*** Opening Input data ***

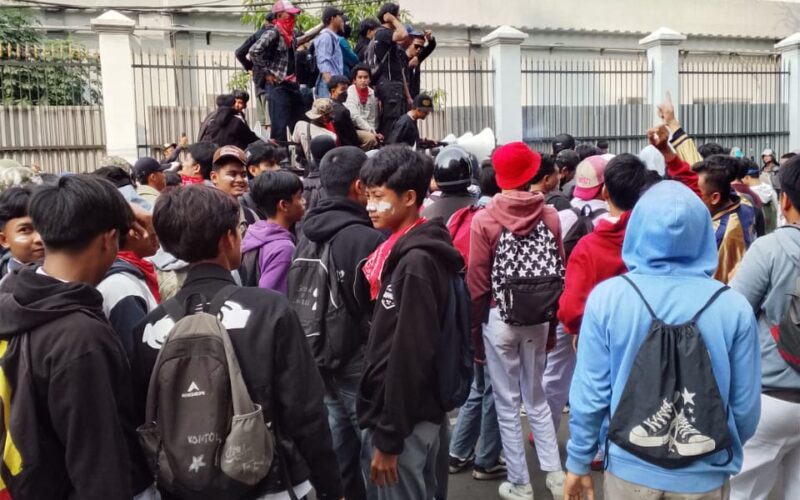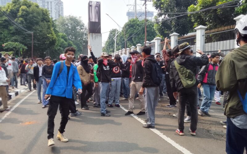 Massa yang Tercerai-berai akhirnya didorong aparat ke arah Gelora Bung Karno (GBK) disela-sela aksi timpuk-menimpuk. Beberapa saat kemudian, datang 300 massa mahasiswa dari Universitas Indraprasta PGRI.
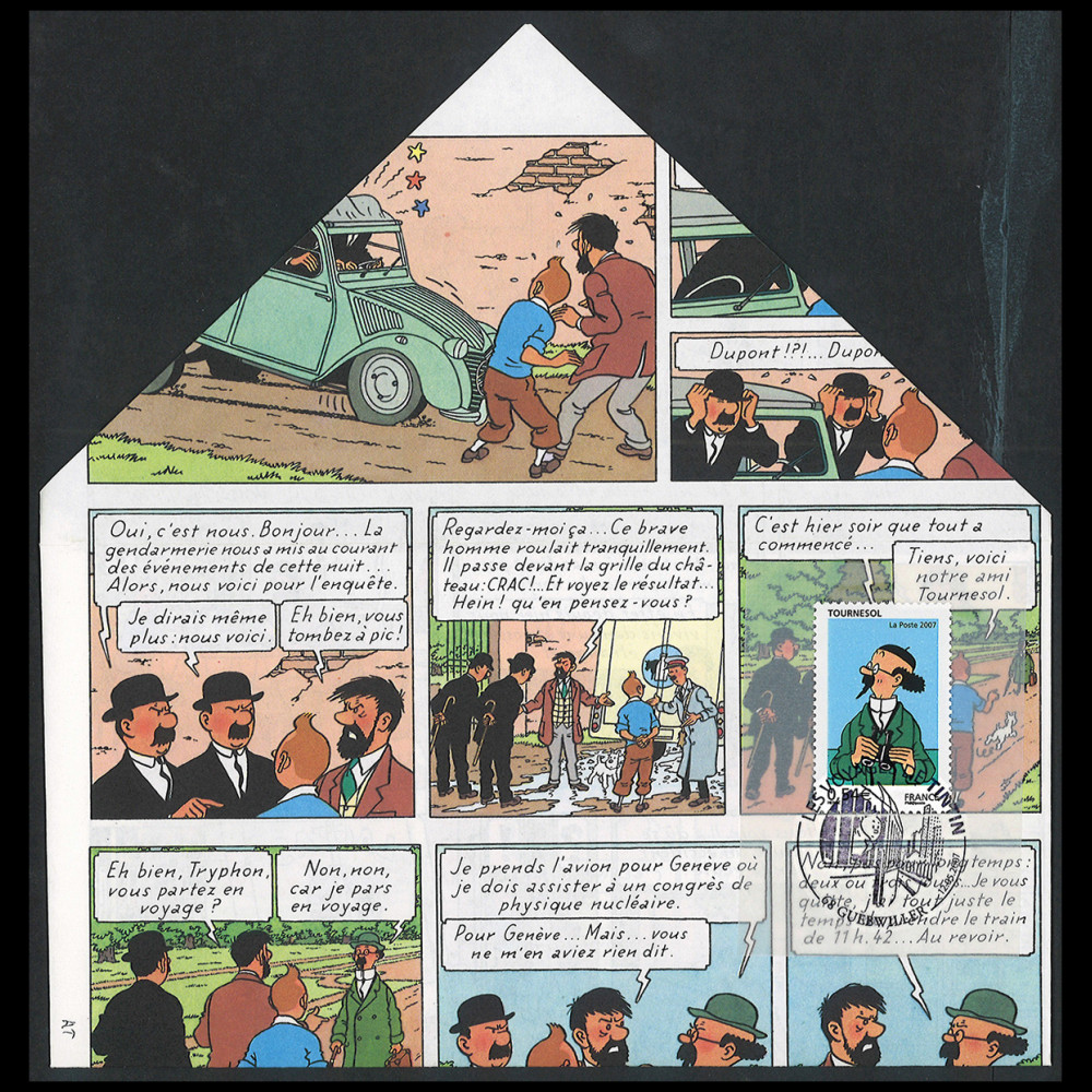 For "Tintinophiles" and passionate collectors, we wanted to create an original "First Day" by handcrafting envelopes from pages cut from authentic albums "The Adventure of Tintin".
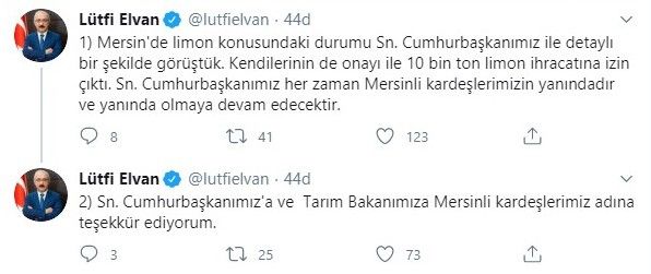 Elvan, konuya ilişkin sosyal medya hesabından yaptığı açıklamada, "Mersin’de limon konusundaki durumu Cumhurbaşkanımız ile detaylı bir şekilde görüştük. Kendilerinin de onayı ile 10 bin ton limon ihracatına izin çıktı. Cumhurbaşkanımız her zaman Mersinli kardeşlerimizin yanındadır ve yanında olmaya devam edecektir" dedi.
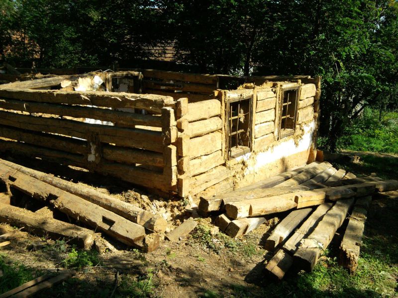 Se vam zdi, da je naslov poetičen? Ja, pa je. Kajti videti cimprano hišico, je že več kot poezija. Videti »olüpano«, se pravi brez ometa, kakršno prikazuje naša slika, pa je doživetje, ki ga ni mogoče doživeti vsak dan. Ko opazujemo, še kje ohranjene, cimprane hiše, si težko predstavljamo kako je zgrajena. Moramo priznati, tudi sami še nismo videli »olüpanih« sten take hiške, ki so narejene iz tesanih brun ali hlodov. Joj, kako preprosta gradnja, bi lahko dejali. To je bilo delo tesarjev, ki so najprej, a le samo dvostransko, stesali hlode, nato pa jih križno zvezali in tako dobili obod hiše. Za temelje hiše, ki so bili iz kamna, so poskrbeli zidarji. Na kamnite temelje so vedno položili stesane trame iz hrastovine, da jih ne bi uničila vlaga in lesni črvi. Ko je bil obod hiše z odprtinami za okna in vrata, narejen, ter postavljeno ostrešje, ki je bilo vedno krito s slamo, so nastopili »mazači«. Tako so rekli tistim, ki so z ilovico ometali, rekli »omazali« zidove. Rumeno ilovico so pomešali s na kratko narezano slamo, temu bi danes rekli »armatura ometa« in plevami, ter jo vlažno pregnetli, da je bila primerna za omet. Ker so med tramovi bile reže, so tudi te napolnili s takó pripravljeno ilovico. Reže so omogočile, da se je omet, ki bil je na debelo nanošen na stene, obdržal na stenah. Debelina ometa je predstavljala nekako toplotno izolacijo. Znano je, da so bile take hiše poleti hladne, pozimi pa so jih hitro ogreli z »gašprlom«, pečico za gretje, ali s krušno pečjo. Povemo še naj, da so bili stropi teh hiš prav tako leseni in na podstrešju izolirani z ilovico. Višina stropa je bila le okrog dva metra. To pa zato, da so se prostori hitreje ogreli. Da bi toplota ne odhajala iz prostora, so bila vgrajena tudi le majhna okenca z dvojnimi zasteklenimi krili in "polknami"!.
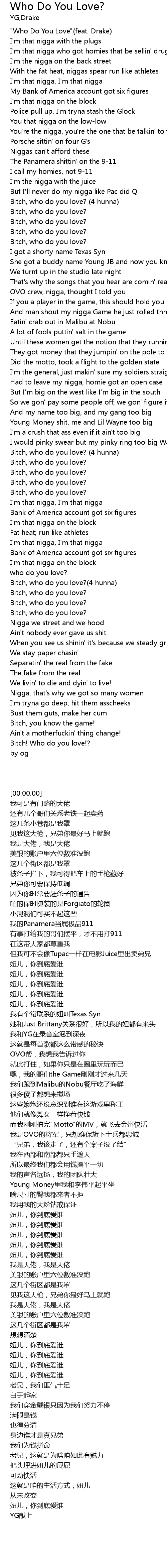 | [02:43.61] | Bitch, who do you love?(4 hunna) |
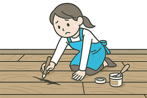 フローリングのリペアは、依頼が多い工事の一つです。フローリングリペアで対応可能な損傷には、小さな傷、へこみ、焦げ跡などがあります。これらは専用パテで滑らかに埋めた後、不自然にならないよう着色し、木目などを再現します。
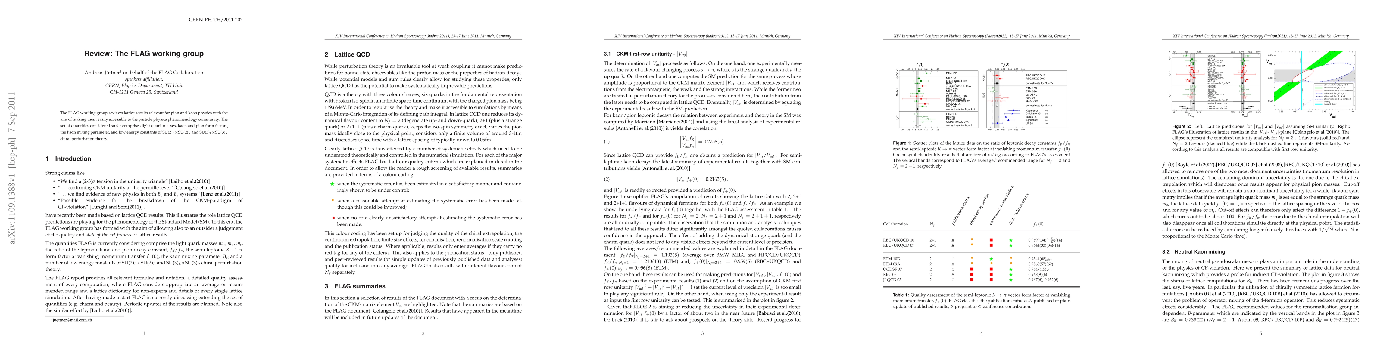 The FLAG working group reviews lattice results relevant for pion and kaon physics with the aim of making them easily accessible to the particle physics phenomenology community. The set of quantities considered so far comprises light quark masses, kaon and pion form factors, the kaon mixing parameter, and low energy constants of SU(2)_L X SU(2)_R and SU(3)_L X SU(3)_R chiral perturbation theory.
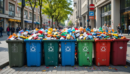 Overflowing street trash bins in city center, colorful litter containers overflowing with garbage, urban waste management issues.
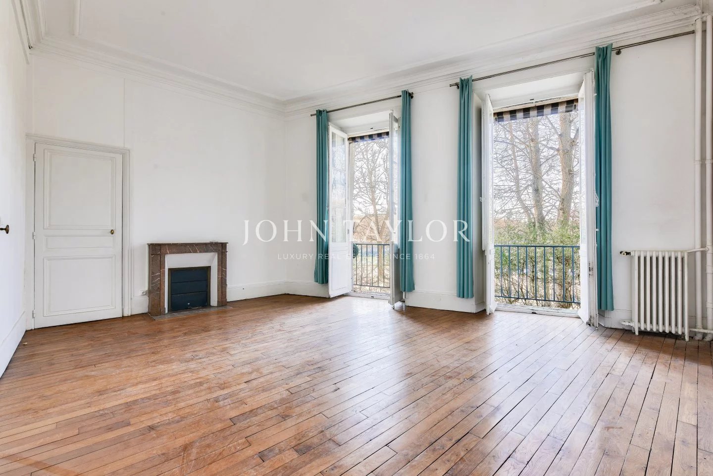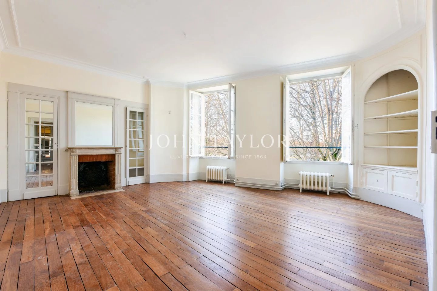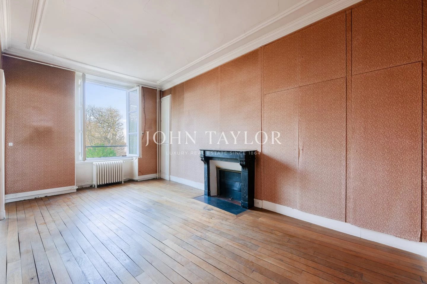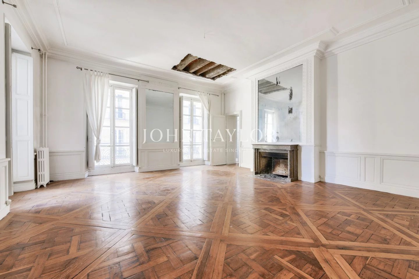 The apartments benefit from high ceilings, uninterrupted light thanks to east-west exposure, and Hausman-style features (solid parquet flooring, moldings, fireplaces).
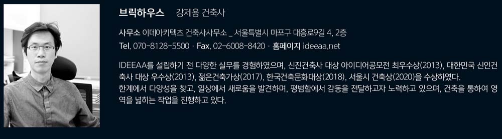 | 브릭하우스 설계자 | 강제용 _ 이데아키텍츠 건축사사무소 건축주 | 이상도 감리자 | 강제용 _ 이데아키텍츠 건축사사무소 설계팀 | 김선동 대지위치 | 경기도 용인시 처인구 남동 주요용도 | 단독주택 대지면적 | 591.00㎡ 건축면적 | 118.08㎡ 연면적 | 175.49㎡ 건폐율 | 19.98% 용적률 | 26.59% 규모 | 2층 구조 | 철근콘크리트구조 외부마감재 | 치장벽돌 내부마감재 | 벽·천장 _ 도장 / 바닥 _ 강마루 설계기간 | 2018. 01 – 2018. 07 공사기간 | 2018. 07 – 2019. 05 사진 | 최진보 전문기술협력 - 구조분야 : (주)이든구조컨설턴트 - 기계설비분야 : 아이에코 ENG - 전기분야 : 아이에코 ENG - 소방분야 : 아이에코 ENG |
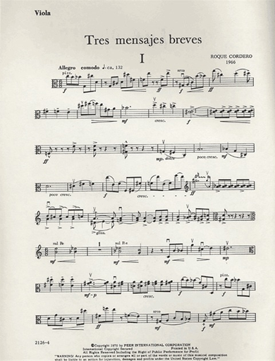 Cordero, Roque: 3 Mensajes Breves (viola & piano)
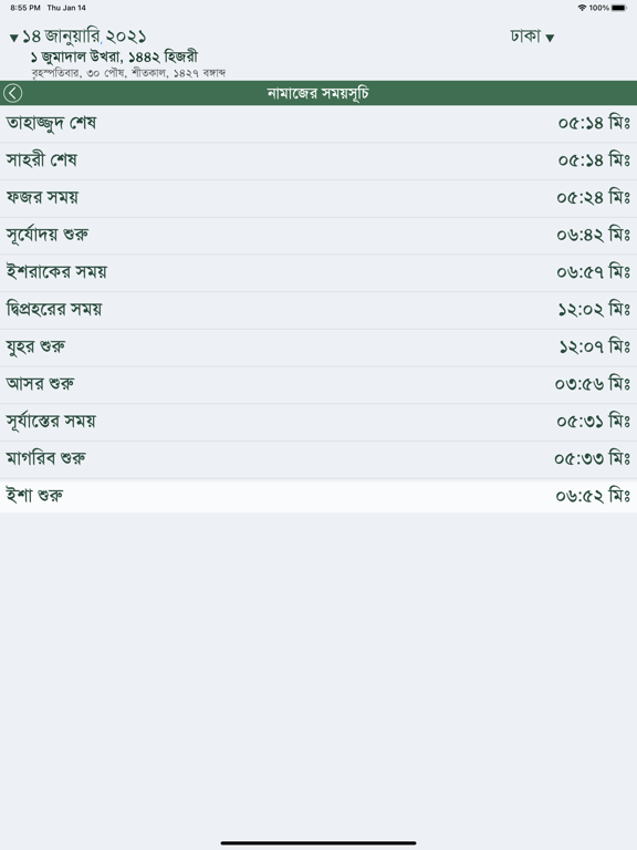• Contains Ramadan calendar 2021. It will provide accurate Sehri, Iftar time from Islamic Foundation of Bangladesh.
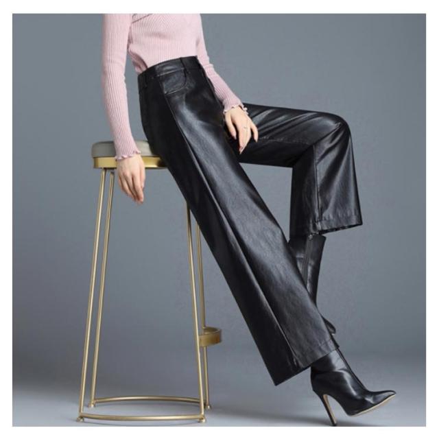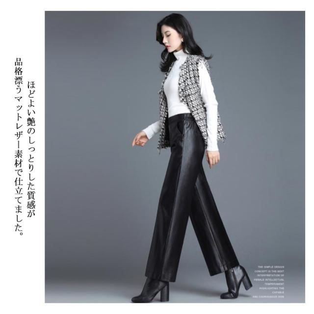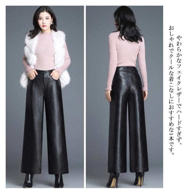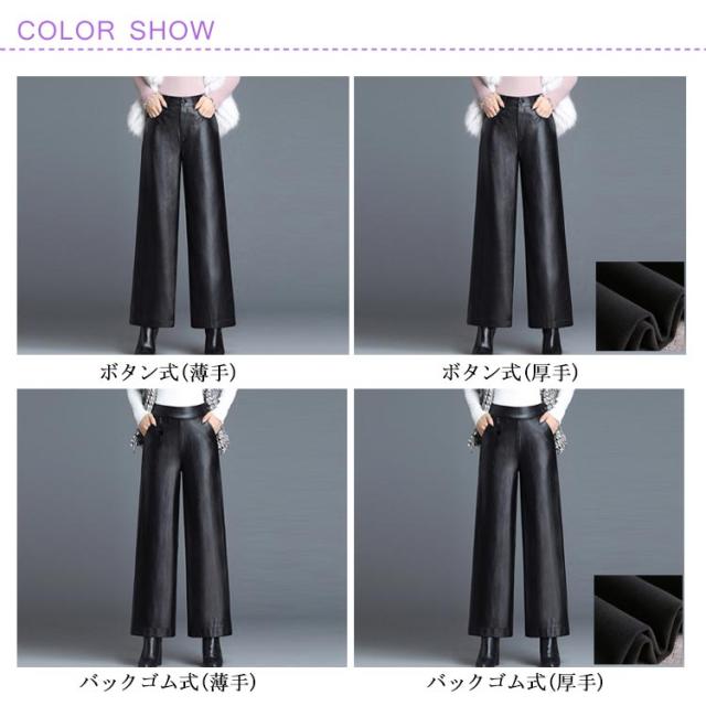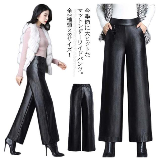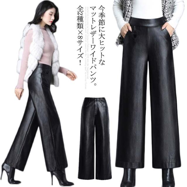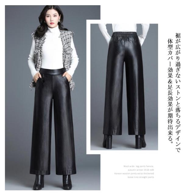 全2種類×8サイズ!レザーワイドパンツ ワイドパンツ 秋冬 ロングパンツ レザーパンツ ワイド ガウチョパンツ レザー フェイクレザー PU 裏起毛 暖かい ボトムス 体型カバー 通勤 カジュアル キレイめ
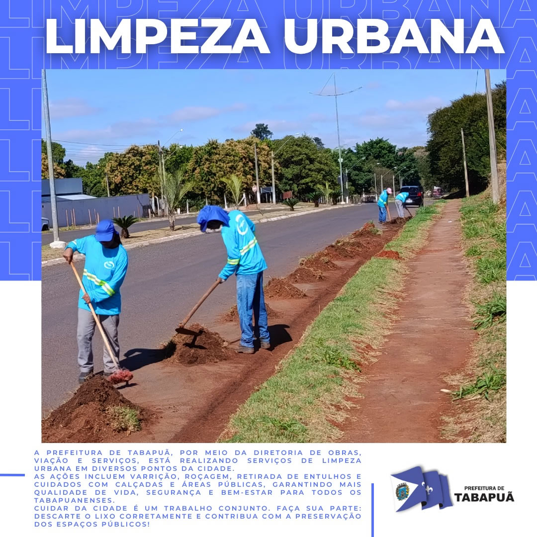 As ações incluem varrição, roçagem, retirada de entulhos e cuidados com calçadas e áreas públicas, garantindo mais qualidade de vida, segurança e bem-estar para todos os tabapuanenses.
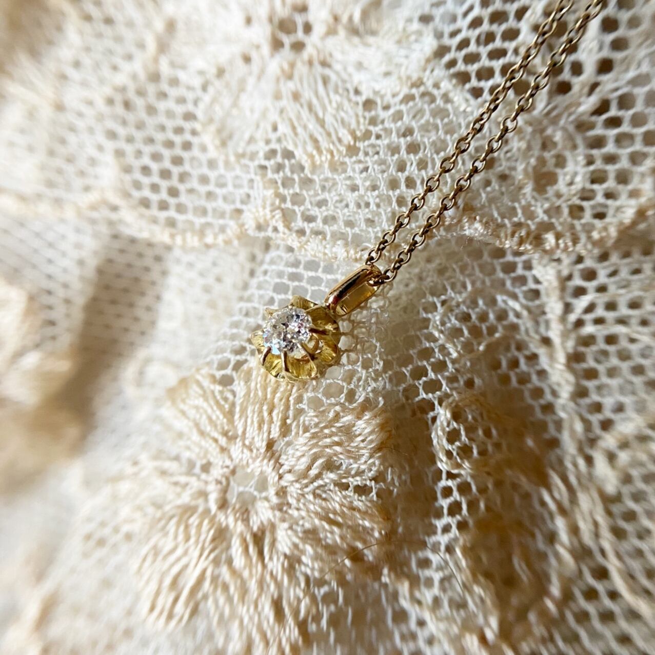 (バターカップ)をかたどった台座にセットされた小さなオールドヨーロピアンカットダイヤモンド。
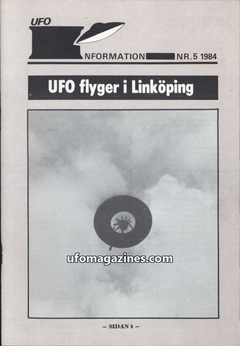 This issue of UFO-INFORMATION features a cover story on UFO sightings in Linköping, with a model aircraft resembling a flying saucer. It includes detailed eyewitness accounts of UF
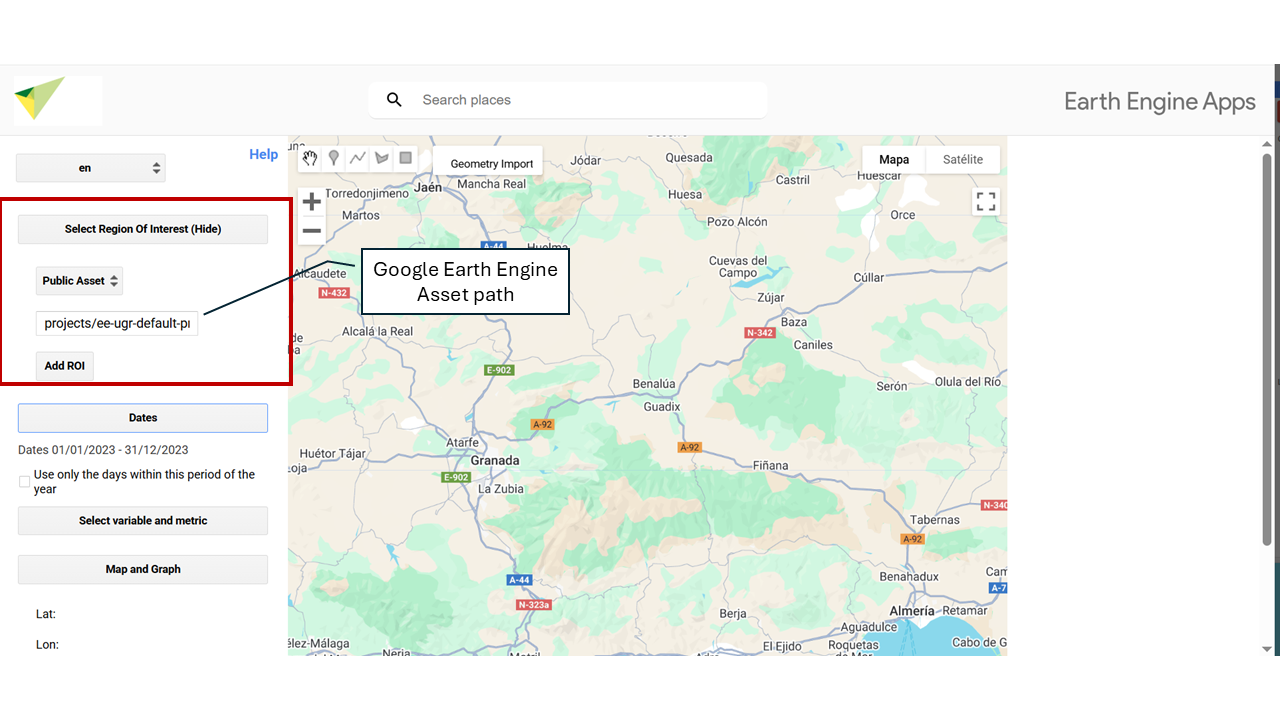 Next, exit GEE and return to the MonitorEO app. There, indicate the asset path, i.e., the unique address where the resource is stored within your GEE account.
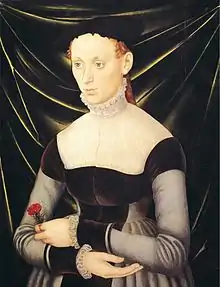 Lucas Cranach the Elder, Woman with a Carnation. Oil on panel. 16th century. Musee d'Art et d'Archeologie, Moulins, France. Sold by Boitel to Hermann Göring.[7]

*** Closing Input data ***

Task item:
All lines above between the line that contains "As ações incluem" and the last line of the entries, both included, must be transcribed exactly. No pictures are to appear.

Answer section:
 As ações incluem varrição, roçagem, retirada de entulhos e cuidados com calçadas e áreas públicas, garantindo mais qualidade de vida, segurança e bem-estar para todos os tabapuanenses.
 (バターカップ)をかたどった台座にセットされた小さなオールドヨーロピアンカットダイヤモンド。
 This issue of UFO-INFORMATION features a cover story on UFO sightings in Linköping, with a model aircraft resembling a flying saucer. It includes detailed eyewitness accounts of UF
 Next, exit GEE and return to the MonitorEO app. There, indicate the asset path, i.e., the unique address where the resource is stored within your GEE account.
 Lucas Cranach the Elder, Woman with a Carnation. Oil on panel. 16th century. Musee d'Art et d'Archeologie, Moulins, France. Sold by Boitel to Hermann Göring.[7]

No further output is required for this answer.